The exponential law, which initially was developed for TIMS measurement (Russell et al. 1978) ａnd remains the most widely accepted and utilized with MC-ICP-MS, was used to assess the instrumental mass discrimination in this study. Mass discrimination correction was carried out via internal normalization to a ¹⁴⁶Nd /¹⁴⁴Nd ratio of 0.7219 (Lin et al. 2016). The interference elements Sm have been completely separated by the exchange resin process. The remaining interferences of ¹⁴⁴Sm⁺ were corrected based on the mothed described by Lin et al. (2016). All data reduction for the MC-ICP-MS analysis of Nd isotope ratios was conducted using “Iso-Compass” software (Zhang et al. 2020). One GSB 04-3258-2015 standard was measured every seven samples analyzed. Analyses of the GSB 04-3258-2015 standard yielded ¹⁴³Nd /¹⁴⁴Nd ratio of 0.512440±6（2SD, n=31）, which is identical within error to their published values (0.512438±6（2SD）Li et al., 2017). In addition, the USGS reference materials BCR-2 (basalt) and RGM-2 (rhyolite) yielded results of 0.512641±11（2SD, n=82） ａnd 0.512804±12（2SD, n=80） for ¹⁴³Nd/¹⁴⁴Nd, respectively, which is identical within error to their published values (Wei et al. 2006；Li et al. 2012).
References
Li, C. F., Li, X. H., Li, Q. L., Guo, J. H., & Yang, Y. H. (2012). Rapid and precise determination of sr and nd isotopic ratios in geological samples from the same filament loading by thermal ionization mass spectrometry employing a single-step separation scheme. Analytica Chimica Acta, 727 (10), 54-60.
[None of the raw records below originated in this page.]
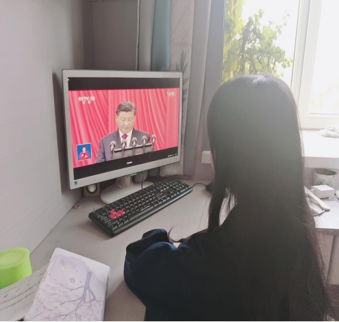 2022年10月16日上午,我校马克思主义学院(法学院)学生在家中收看党的二十大开幕直播盛况。
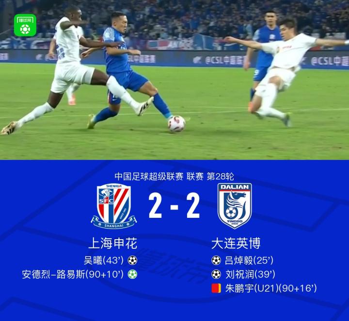 申花2-2英博落后榜首2分继续排第三,路易斯绝平,吴曦破门+造点
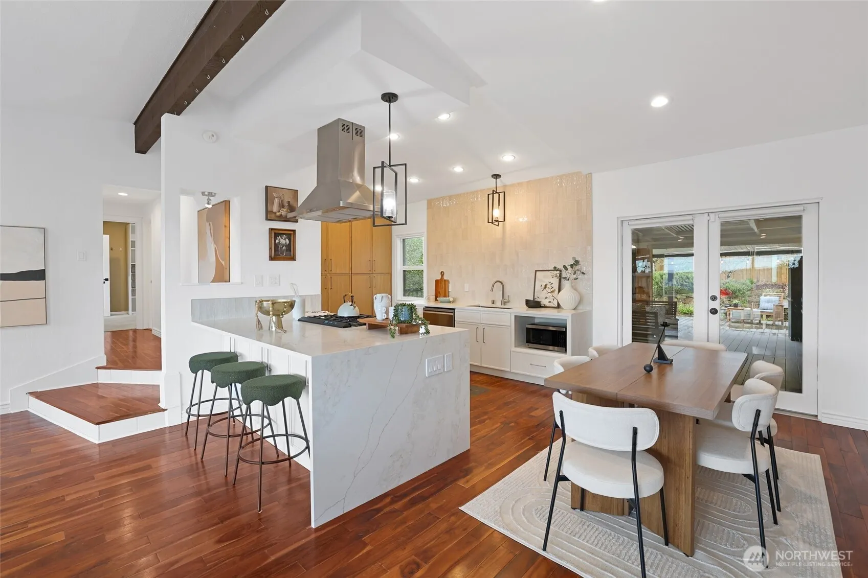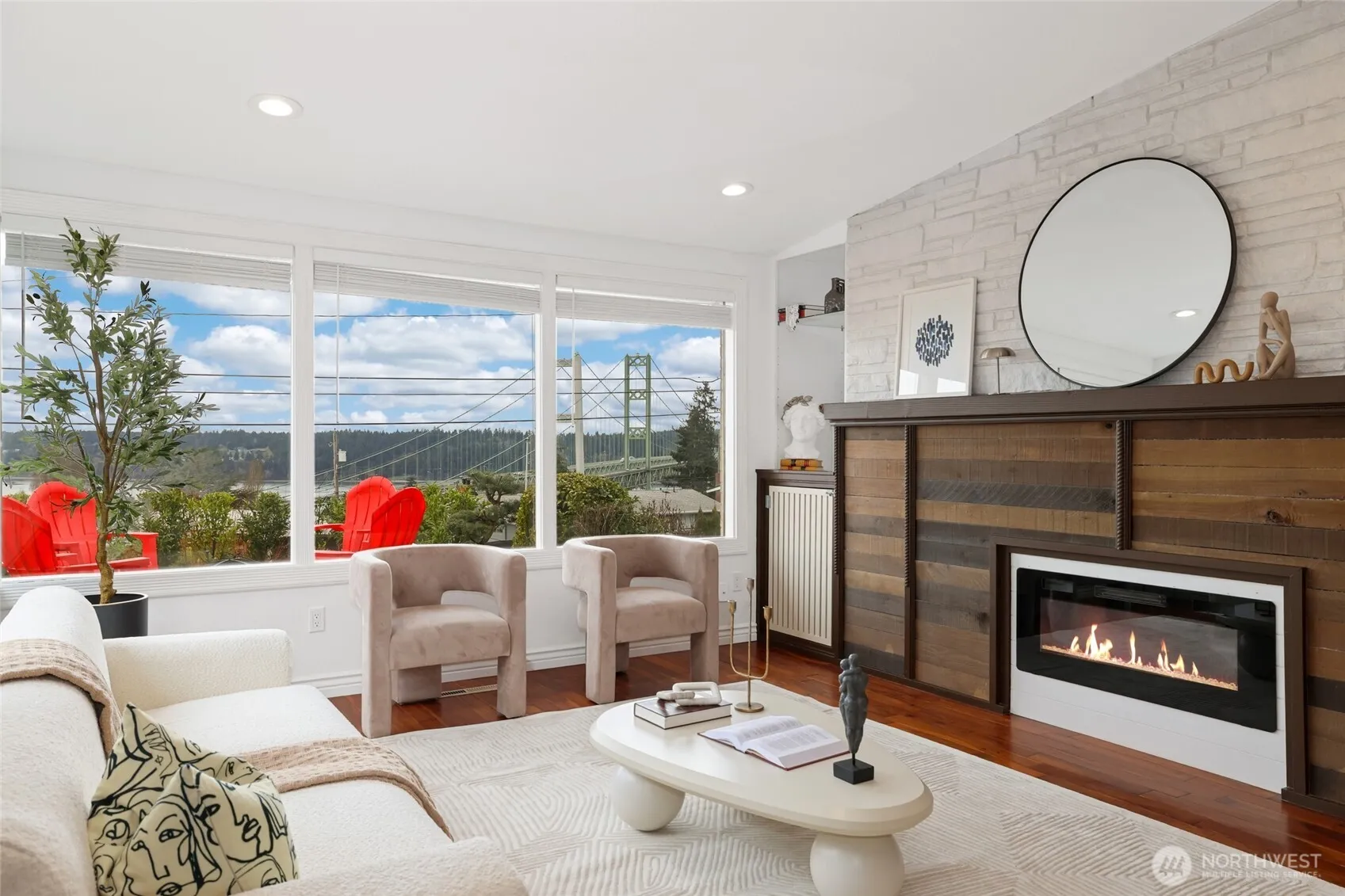 Perched in a highly sought-after North Tacoma location, this 4-bedroom, 2-bathroom masterpiece showcases breathtaking, stunning views of the Puget Sound, the Narrows Bridge, and the Olympic Mountains. The entire interior has been freshly updated with new designer paint, creating a bright and airy atmosphere that complements the beautiful teakwood floors flowing throughout the main level. The expansive living room features massive windows with custom blinds that perfectly frame the stunning Northwest scenery. The heart of the home is the stunning, newly updated kitchen. This modern culinary space boasts brand-new shaker cabinets, elegant quartz countertops, and a massive pantry cabinet wall with gorgeous finishes. High-end stainless steel appliances complete this chef’s dream. Retreat to the main-floor primary suite, which includes a huge walk-in closet and a fully updated bath featuring the same high-end quartz and cabinetry finishes found in the kitchen. The lower level offers incredible versatility with three additional bedrooms, a spacious family room, a dedicated gym area, and a sleek 3/4 bath. Outdoor living is unmatched here: two front decks provide the ultimate vantage point for iconic sunsets, while a huge covered back patio opens to a private, fully fenced backyard oasis. Equipped with solar panels and a brand-new HVAC system for peak energy efficiency, this remarkable home is a rare opportunity to enjoy luxury finishes and world-class views every single day.
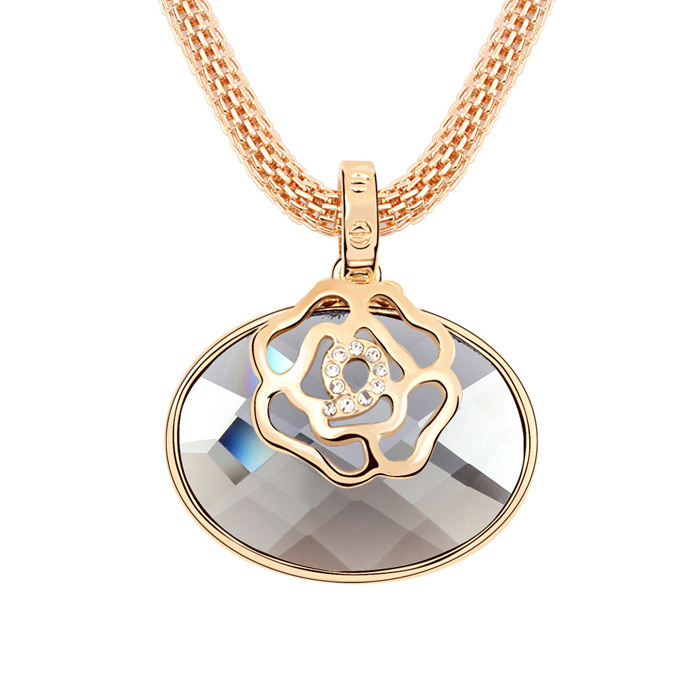 Dije en baño de oro amarillo de 18 quilates, con cristal en color humo con detalle de rosa grabada. Fabricado en una estructura de aleación de platino con rodio sin níquel. 1. joyería Hipoalergénica. 2. Incluye cajita de joyería. 3. Garantía de 30 días por defectos de fabrica.
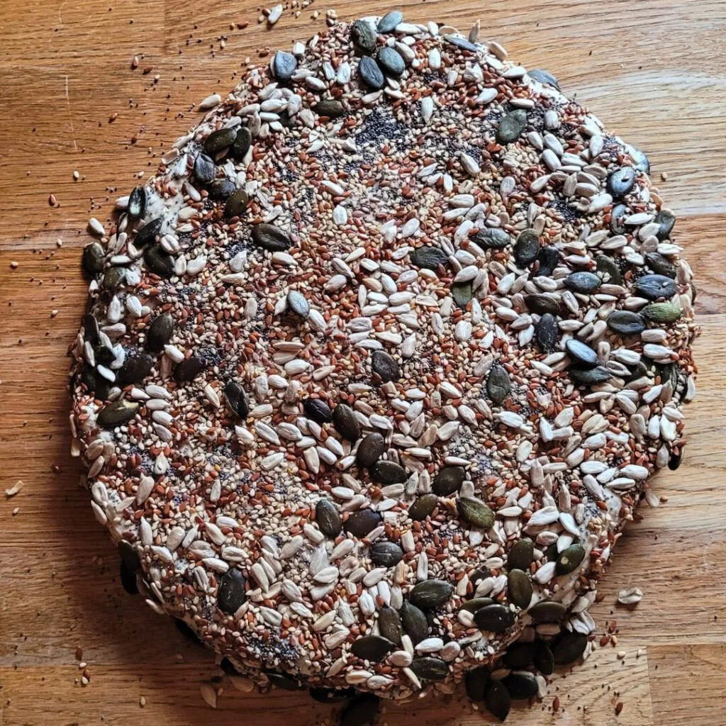 - Körnermischung für die Kruste (z.B. Sonnenblumenkerne, Mohn, Sesam und Leinsamen)
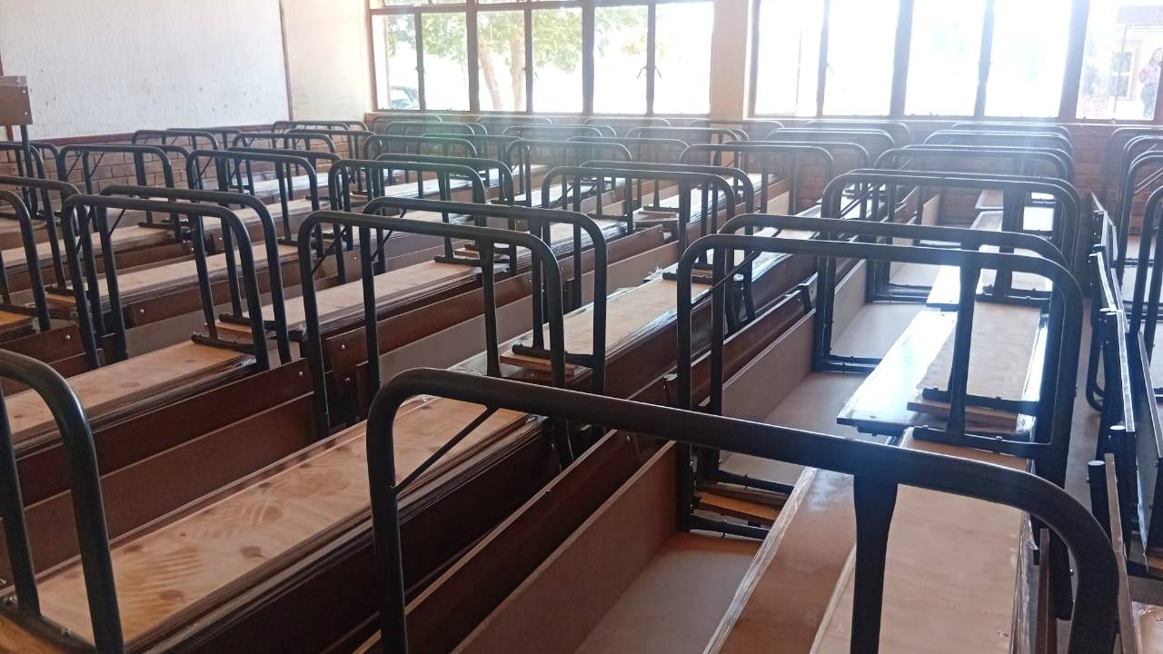 New desks in a classroom at Nkang Mahlale Secondary School. Photo: Facebook
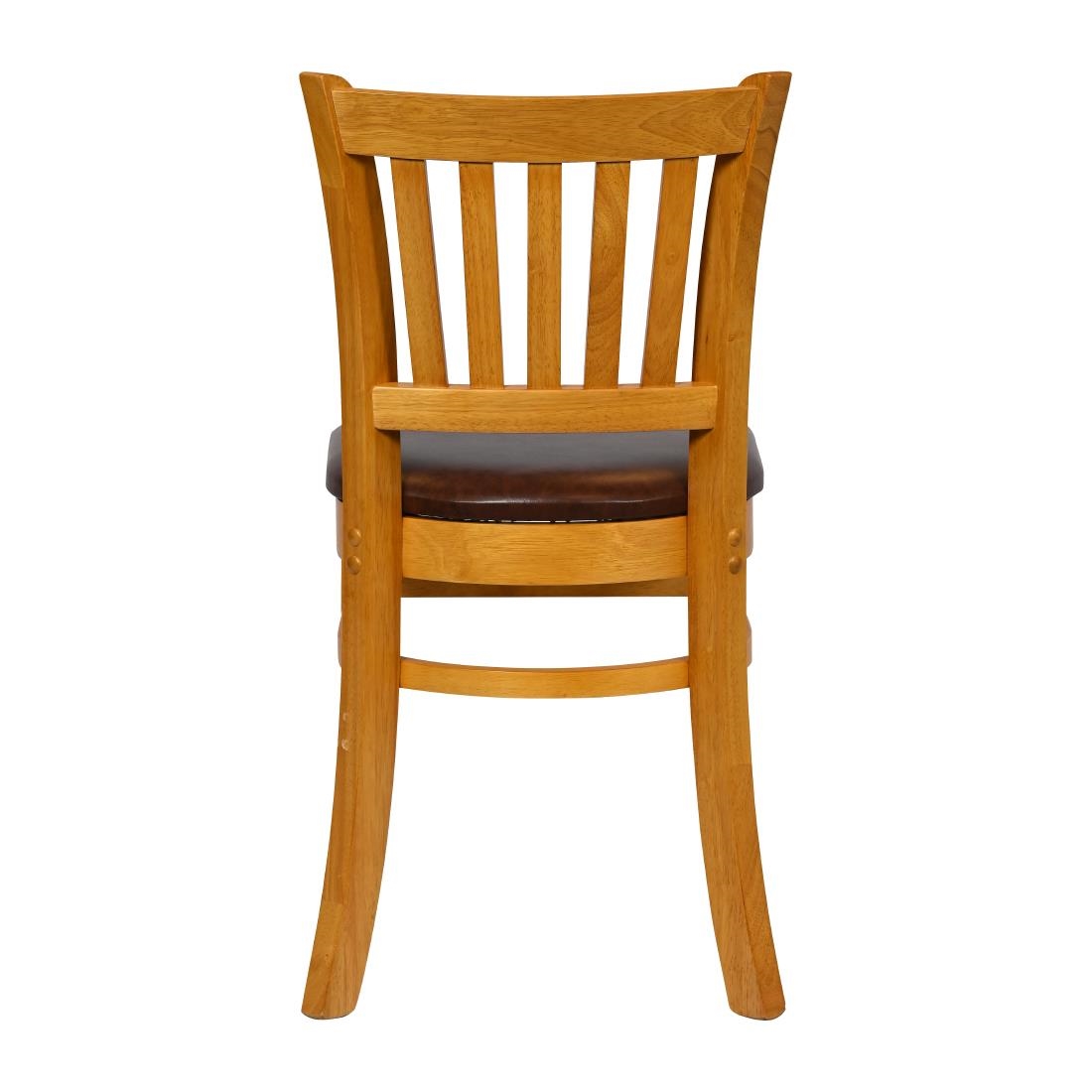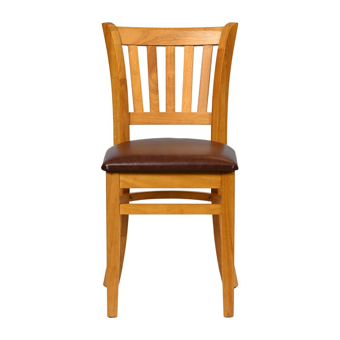 The robust Manhattan chairs are finished in the same soft oak stain and tuck neatly under the table when not in use. For added comfort, each chair is fitted with a padded seat, upholstered in bison espresso easy-clean vinyl, ensuring both style and practicality.
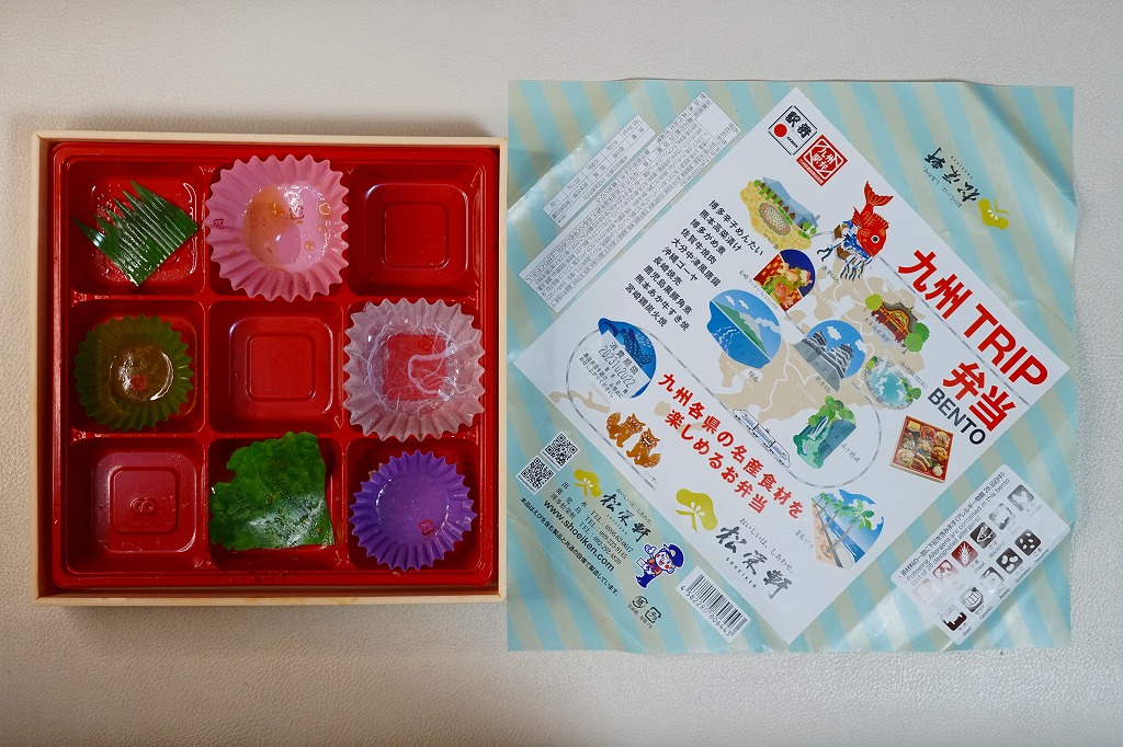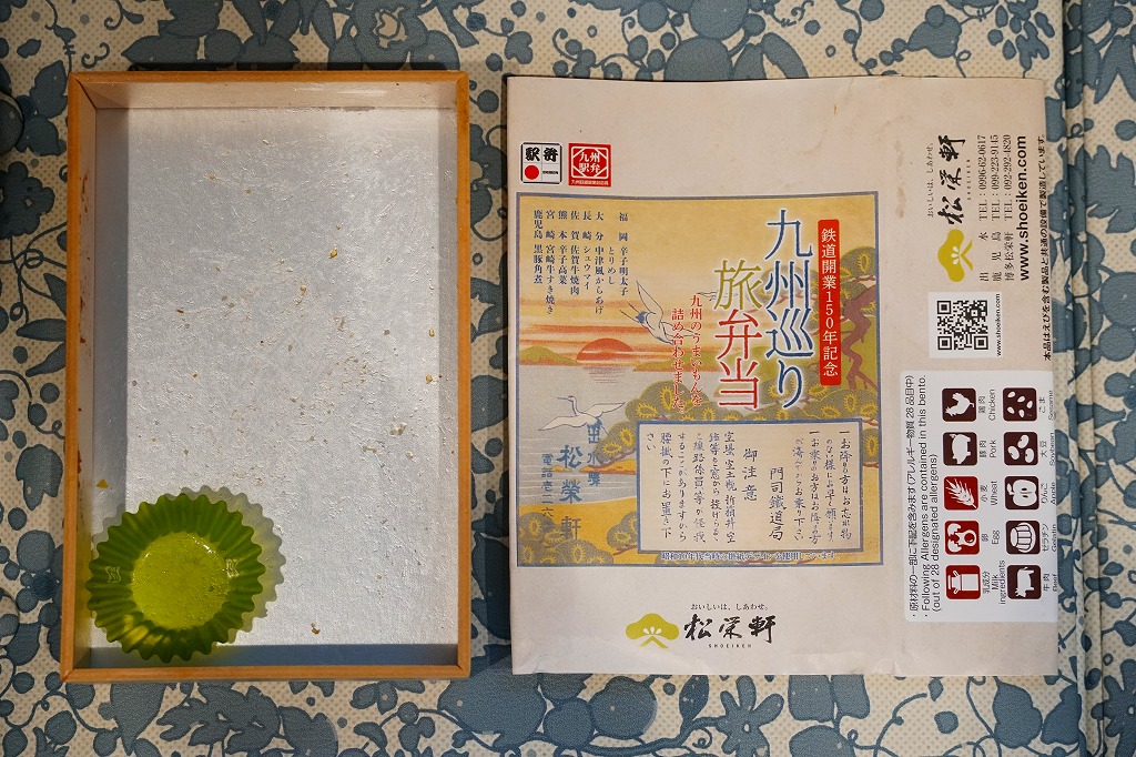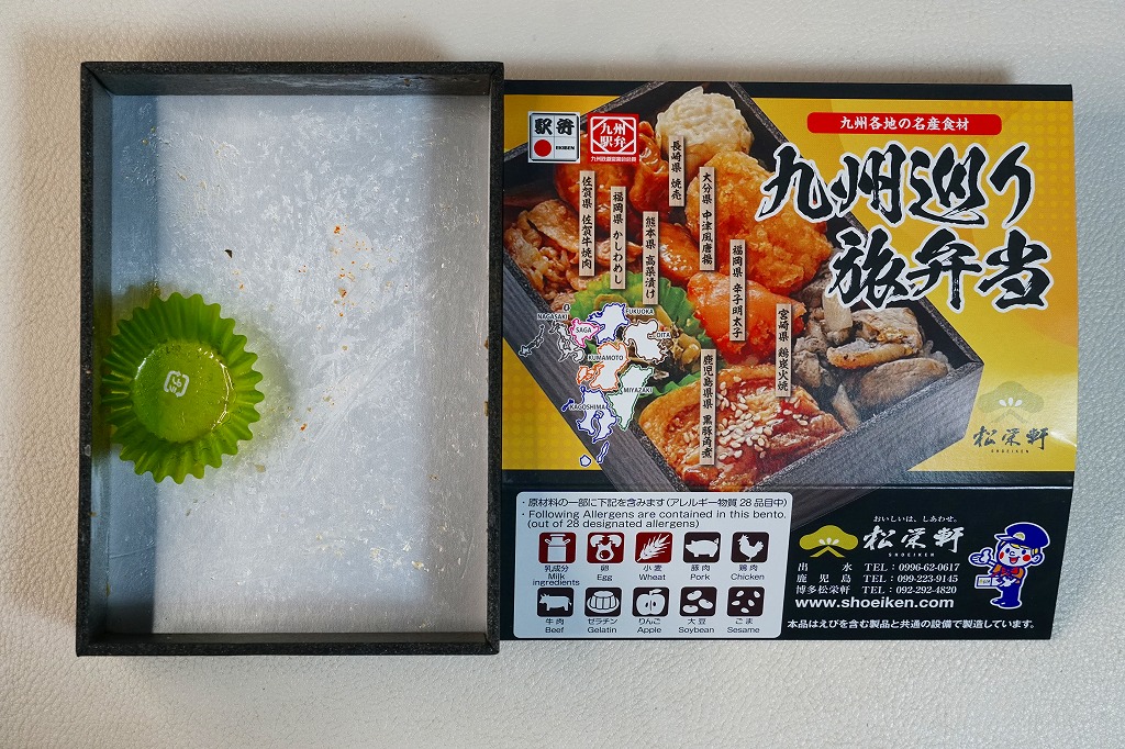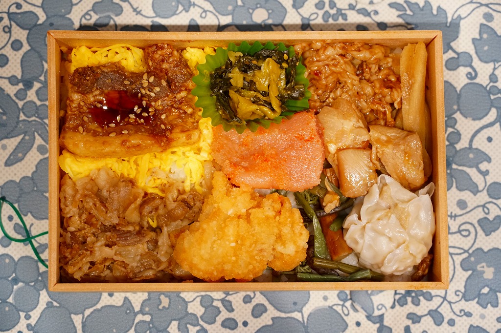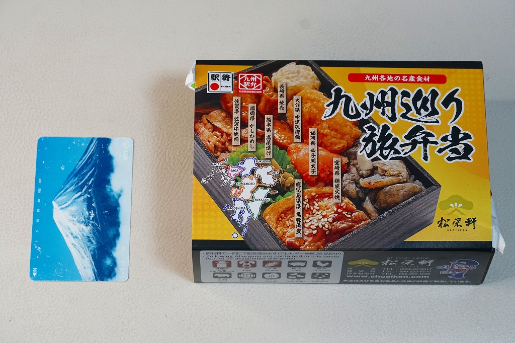 平たく浅い正方形のプラ容器に、九州各地のアイコンとおしながきを印刷した掛紙をかける。中身は博多辛子めんたい、熊本高菜漬け、博多がめ煮、佐賀牛焼肉、大分中津風唐揚、沖縄ゴーヤ、長崎焼売、鹿児島黒豚角煮、熊本あか牛すき焼、宮崎鶏炭火焼と記される。玉子焼、焼サバ、焼売、サツマイモも入る。お肉が強くて優勢な、忙しいお弁当。容器がコンビニ弁当並みに薄いので、分量は見た目ほどでない。味もそんなに効いてない。
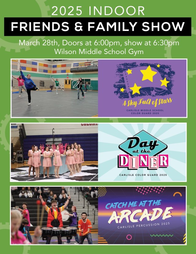 This weekend will be the kickoff to the Indoor Guard and Indoor Percussion competition season. KIDA has their Preview Show on 1/18 at Central Dauphin High School, and Carlisle’s indoor groups will both be there! Come to the competition and support our students!
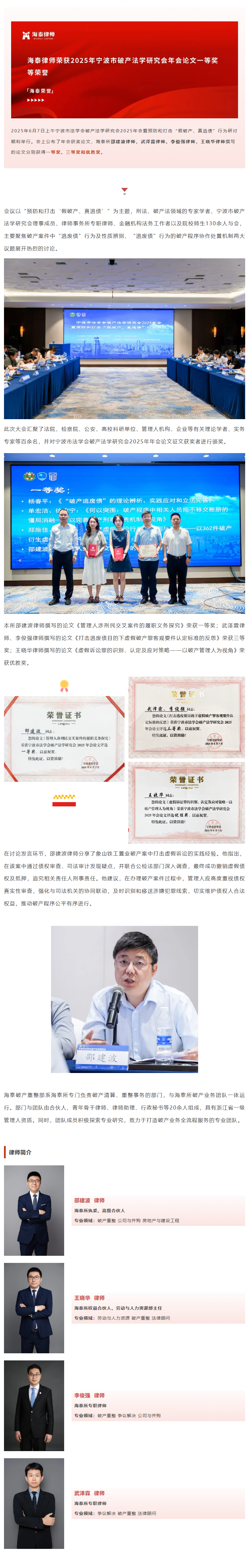 海泰律师荣获2025年宁波市破产法学研究会年会论文一等奖等荣誉

Lin J., Liu Y.S., Yang Y.H., Hu Z.C. (2016). Calibration and correction of LA-ICP-MS and LA-MC-ICP-MS analyses for element contents and isotopic ratios. Solid Earth Sciences, 1, 5–27.
Russell, W.A., Papanastassiou, D.A., Tombrello, T.A., (1978). Ca isotope fractionation on the earth and other solar system materials. Geochim. Cosmochim. Acta, 42 (8), 1075–1090.
Zhang W., Hu Z.C., Liu Y.S. (2020). Iso-Compass: new freeware software for isotopic data reduction of LA-MC-ICP-MS. J. Anal. At. Spectrom., 2020, 35, 1087–1096.
Jin Li., Suo-han Tang., Xiang-kun Zhu., Chen-xu Pan. (2017). Production and Certification of the Reference MaterialGSB 04-3258-2015 as a 143Nd/144Nd Isotope Ratio Reference. Geostand. Geoanal. Res., 2017, 41, 255-262.